» **What the task requires**
Produce a word-for-word copy of the lines from the one that contains "(Written by the Staff Writers)" to the final line of the data below, with all pictures dropped.

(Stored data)
┌──
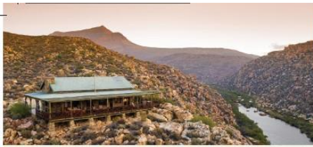
KLIPBOKKOP | 6 Sleeper with jacuzzi Our most exclusive house boasts a magnificent 360-degree view of the surrounding landscape. Situated on top of a rocky ridge, our guests enjoy the spectacular view as the Groot River meanders its way down through the valley below.

Includes fully equipped kitchen, linen, towels, and braai facilities
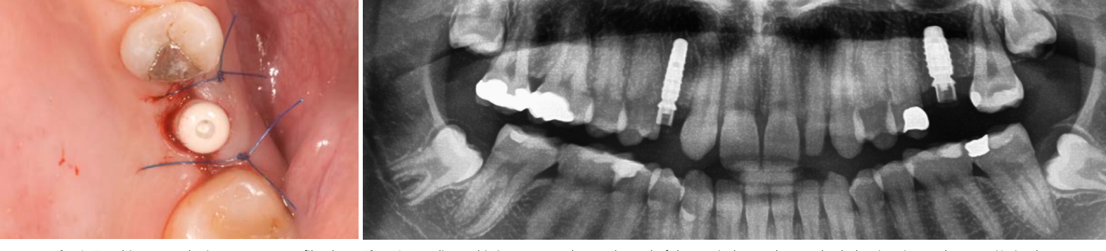
Fig. 9: To achieve an esthetic emergence profile, the Fig. 10: A radiographic image was taken at the end of the surgical procedure to check the situation. It shows an iSy implant soft tissue around the gingiva former in region 26 was with Ø 3.8 mm and a length of 13 mm in region 13 and in region 26 an implant of Ø 4.4 mm / L 11 mm with the premounted implant bases that bear the PEEK gingiva formers.

palatal flap not detached. The drill sequence in the iSy System is made up of a round burr, the Ø 2.8 mm pilot drill, and the single-patient form drill corresponding to the implant diameter, with the latter being supplied with the implant (Fig. 3 to 5) .
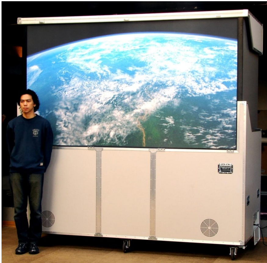
Paradigm Trojan 110HD – pictured in action.

The new Trojan 110HD at 110" is the largest self-contained display in the world, (larger than even the Panasonic 103" plasma panel: 15% larger image area; 7% larger image width). Originally designed and manufactured for the UK Army, it is ideal for events, exhibitions – anywhere requiring large, bright, high resolution screens that can be transported and started quickly, easily and without skilled engineers.
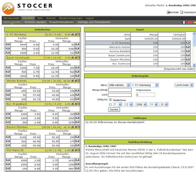
Figure 1: Web interface of the STOCER trading platform

average amount of 50 Euro (IS 2 ). Performance-compatible means that the payment linearly depended on the users' deposit value in the prediction market (deposit value divided by 10.000 currency units). In the third group, individuals were paid according to their ordinal rank (rank-order tournament, IS 3 ). The user ranked first was paid 500 Euro, the second 300 Euro and the third 200 Euro. All the other users in this group did not receive any payment at all. This also results in an average payment of 50 Euro per person.
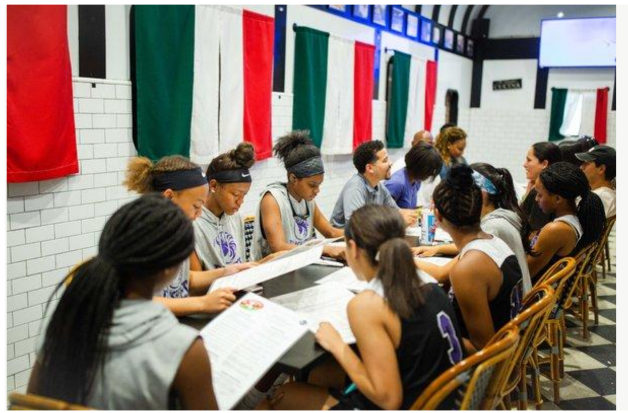
The Mid South Banshees, from Memphis, Tenn., dining at a pizza restaurant near LakePoint. The Banshees were among about 100 teams who came to LakePoint for a tournament in July.
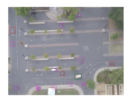
Fig. 1 . Image from the Stanford Drone Dataset [3]. The bounding box colors identify different agents.

Most of the works on the aforementioned topics focus solely on describing the behavior of one class of agent, usually pedestrians. Although this is a reasonable assumption in some scenarios (e.g, indoor sports), it will not be sufficient to describe complex and crowded scenes such as the recently released Stanford Drone Dataset [3], where there are several types of agents (bikers, skaters, cars, pedestrians) all interacting at the same time (see Fig. 1). Some works addressed the multi-agent problem considering that the pedestrians represent normal examples and that any other agent will be an abnormality [5, 6]. However, abnormality is a
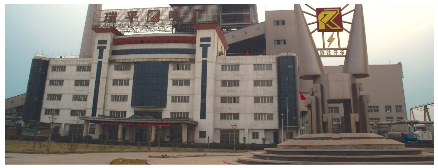
China's Ruiping Power Plant partnered with Schneider Electric to meet demanding energy-saving and emission-reduction targets.
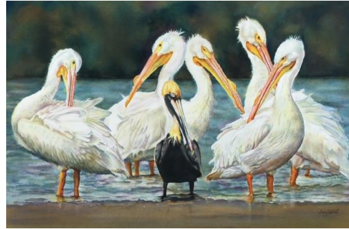
Combination of Techniques
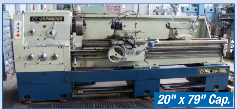
CY-DRUMMOND Model 500x2000g Gap Bed Engine Lathe With 4 1/4" Bore, 1120 Rpm, 3 Jaw Chuck, Tool Positioner S/N 12-487
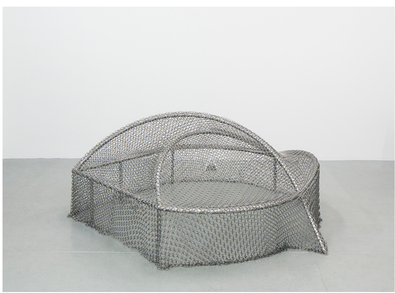
'frame 01' has been designed by new york firm SO-IL
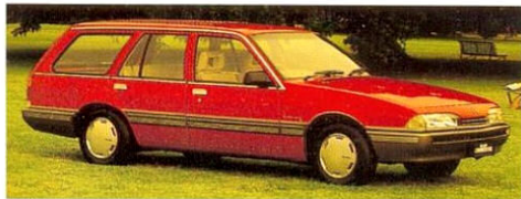
Holden Commodore SL Wagon

And the rear window wash/wipe system is standard on all models.
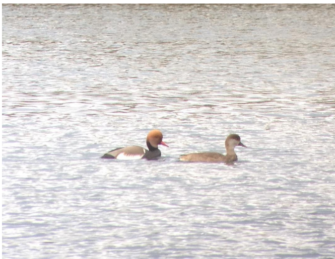
Red Crested Pochard pair (FJC)

February remained flooded and quiet until a pair of Red Crested Pochard showed up 18 th (FJC), 2 became 3/22 nd (SPD), staying thru March, then 4/30 th , 4/3 rd April , 4/27 th May (PSc), the last record was 2/5 th June (RNM). In that time the birds were spread between BSL, Sandford & LFGP, at one time a male seemed to try and become surrogate father to a family of Mallards.
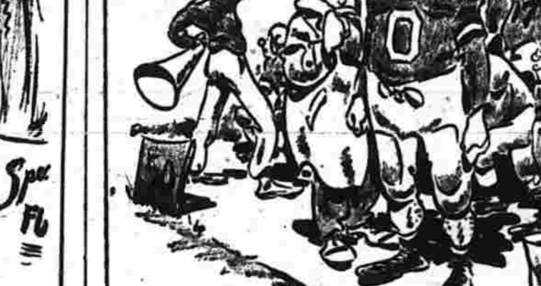
(Written by the Staff Writers)
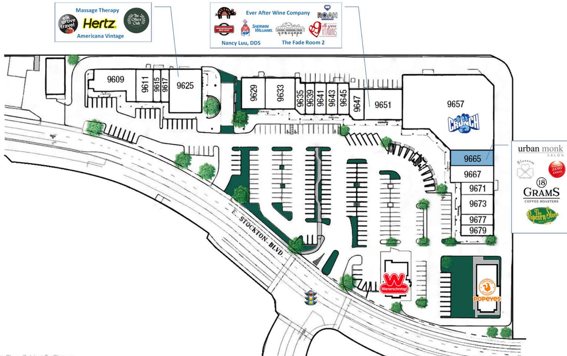
Site Plan - Subject To Change

9605-9675 E. STOCKTON BLVD. IN ELK GROVE, CA
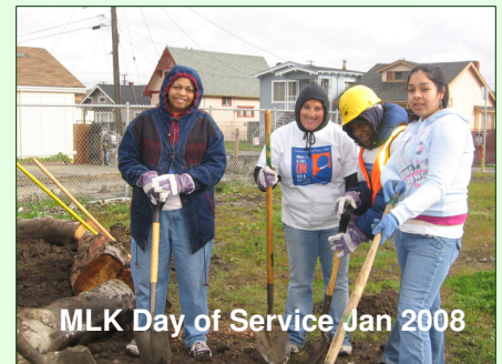
MLK Day of Service Jan 2008
└──
» **Response**
(Written by the Staff Writers)
Site Plan - Subject To Change

9605-9675 E. STOCKTON BLVD. IN ELK GROVE, CA
MLK Day of Service Jan 2008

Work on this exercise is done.